Poland honors satirist who said Jews create anti-Semitism

Ryszard Makowski, 62, also criticized protests by Israel and Jewish organizations against a law that criminalized blaming the Polish nation for Nazi crimes

Ryszard Makowski (YouTube screenshot)
Ryszard Makowski (YouTube screenshot)

A Polish satirist, who in 2016 made anti-Semitic jokes on television and later accused Jews of fomenting hatred against themselves, was awarded his country’s highest distinction for artists.

Ryszard Makowski, 62, was awarded the Gloria Artis Medal for Merit to Culture on Thursday along with 20 others by Culture Minister Piotr Gliński in Warsaw, the wPolityce news website reported. Makowski won the bronze medal, the lowest of three categories in the distinction awarded annually to artists by the ministry.

“It is an expression of thanks by Poland for your creativity and for your commitment, for your talent — that is always augmented with work, perseverance, creative courage,” Gliński said in presenting the award.

In 2016, B’nai B’rith Poland protested Makowski’s performance on the public broadcaster TVP3 over a song with words saying that dishonest banking practices have been around for as long as “tsimmes and gescheft” — Yiddish words that mean a sweet carrot stew and business, respectively.
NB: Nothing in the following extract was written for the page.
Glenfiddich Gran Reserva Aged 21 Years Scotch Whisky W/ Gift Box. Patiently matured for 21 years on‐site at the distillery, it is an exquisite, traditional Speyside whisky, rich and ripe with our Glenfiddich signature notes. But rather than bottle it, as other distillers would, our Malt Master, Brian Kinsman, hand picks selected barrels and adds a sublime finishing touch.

The song also refers to the Jewish Rothschild family.

In March, Makowski wrote in wPolityce about the protest by Israel and Jewish organizations against a law that criminalized blaming the Polish nation for Nazi crimes. The law was amended last month.
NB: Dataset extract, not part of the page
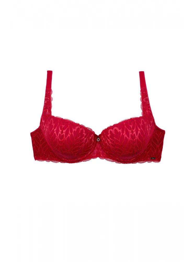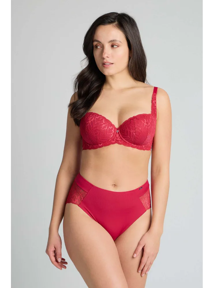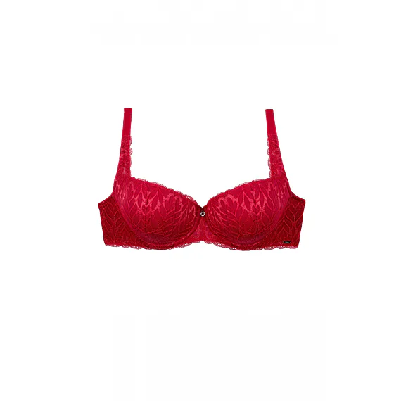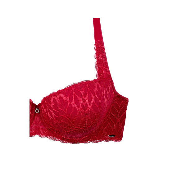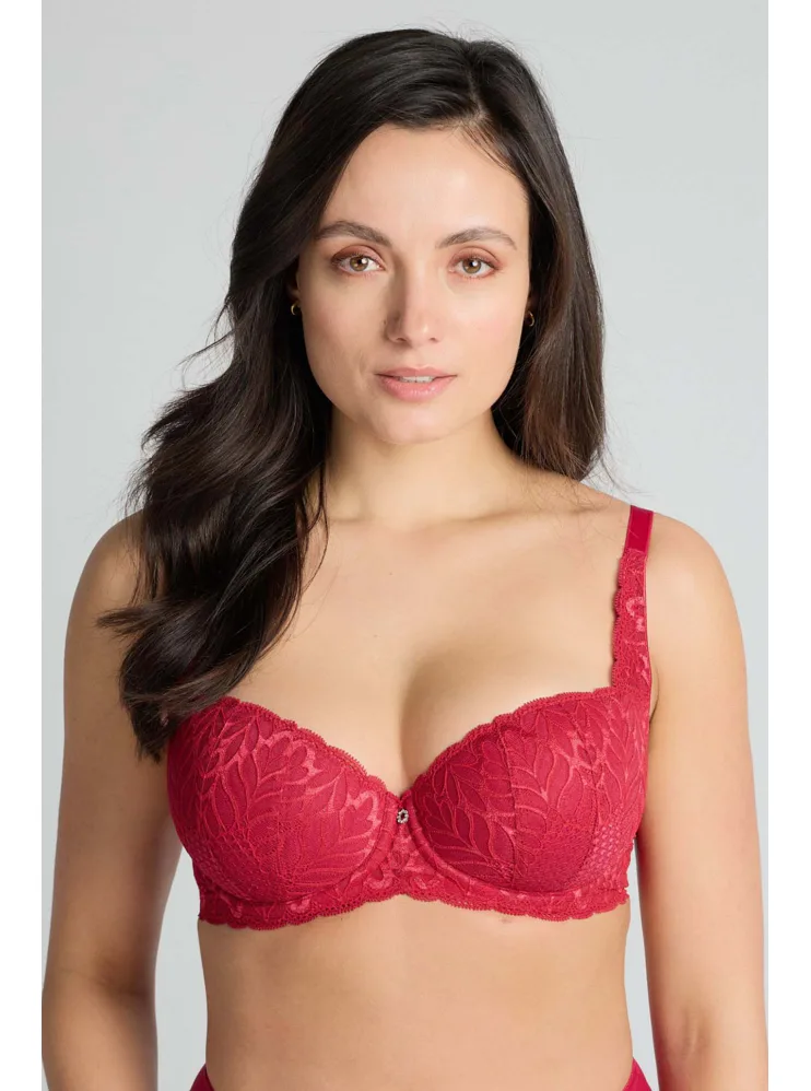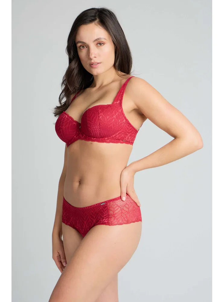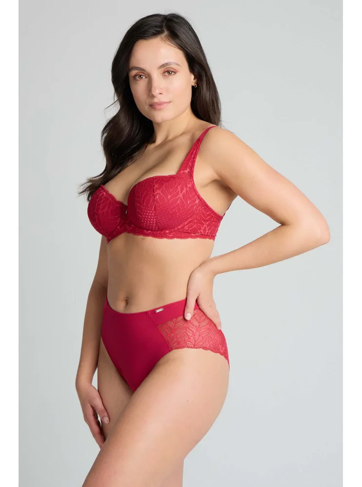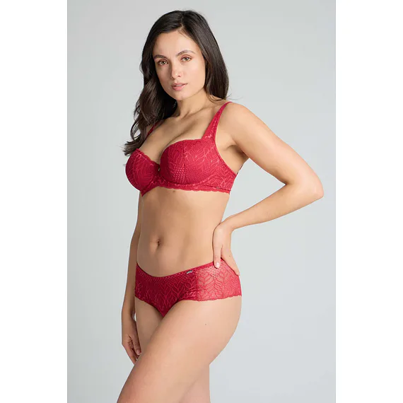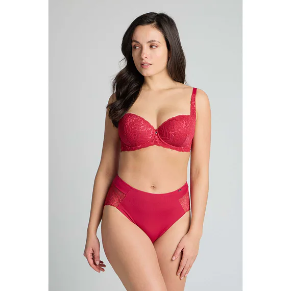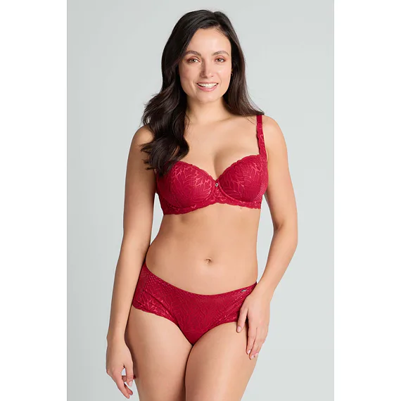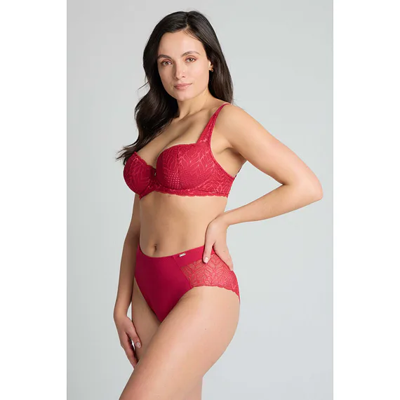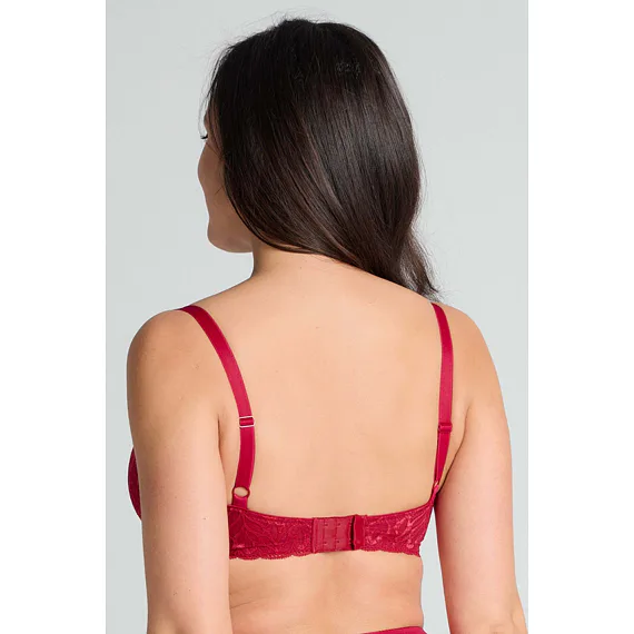 Podprsenka ve střihu balconette vytvoří hluboký a neodolatelný dekolt. Uchvátí luxusní krajkou s bohatým vzorem a temným odstínem červené barvy. Zajistí spolehlivou oporu a přizpůsobí se každému vašemu pohybu. Dokonalá volba pro každý den.

“One may suspect that this ostentatious struggle of Jewish circles,” he wrote, “is aimed at sparking up anti-Semitic moods.”

The Polish association Never Again, which monitors hate crimes and speech in Poland, wrote in a statement that the honoring of Makowski is astounding, as he is a “well-known author of songs and articles which are strongly rooted in anti-Semitic stereotypes and prejudices.”

Rafal Pankowski, a co-founder of the association, added that “given the fragility of the Polish-Jewish relations especially this year,” following the diplomatic crisis caused by the law, “I am truly surprised by the minister’s decision. As a citizen of Poland, this medal is not awarded in my name!”

Anti-Semitism, Pankowski said, is something that his association refuses to see as “part of the Polish culture and heritage which deserves to be celebrated by the official representatives of the Polish state.”